Each option specification is composed of

  1. a short flag letter (which is mandatory in the specification),
  2. a / if it can be used as a short flag else - if it is only a short version of the long flag but it can't be used as a short flag (this is optional if there is no long flag name),
  3. an optional long flag name,
  4. nothing if the flag is a boolean that takes no argument, else
  5. a plus-sign if it requires one value and the flag can be used more than once, else
  6. a single colon if it requires one value and the flag can be used at most once, else
  7. two colons if it takes an optional value and the flag can be used at most once.

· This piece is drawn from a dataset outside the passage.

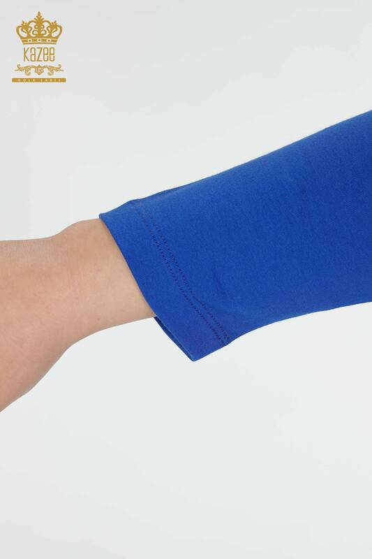 Camicetta da donna all'ingrosso Crystal Stone ricamata in tulle con scollo a V dettagliato Saks - 78911 | KAZEE

Each short flag letter will result in a var name of the form _flag_X, where X is the short flag letter. It will be set with local scope (i.e., as if the script had done set -l _flag_X) if the corresponding flag (whether short or long) is seen in the arguments. If the flag is not a boolean the flag var will have zero or more values corresponding to the values collected when the args are parsed. If the flag is a boolean the value is a count of how many times the flag was seen. If the flag was not seen the flag var will not be set.

In the following examples if a flag is not seen when parsing the arguments then the corresponding _flag_X var will not be set.
Some examples:

  1. h/help means that both -h and --help are valid. The flag is a boolean and can be used more than once. If either flag is used then _flag_h will be set to the count of how many times the flags were seen.

  2. h-help means that only --help is valid. The flag is a boolean and can be used more than once. If the long flag is used then _flag_h will be set to the count of how many times the long flag was seen.

  3. n/name: means that both -n and --name are valid. It requires a value and can be used at most once. If the flag is seen then _flag_n will be set with the single mandatory value associated with the flag.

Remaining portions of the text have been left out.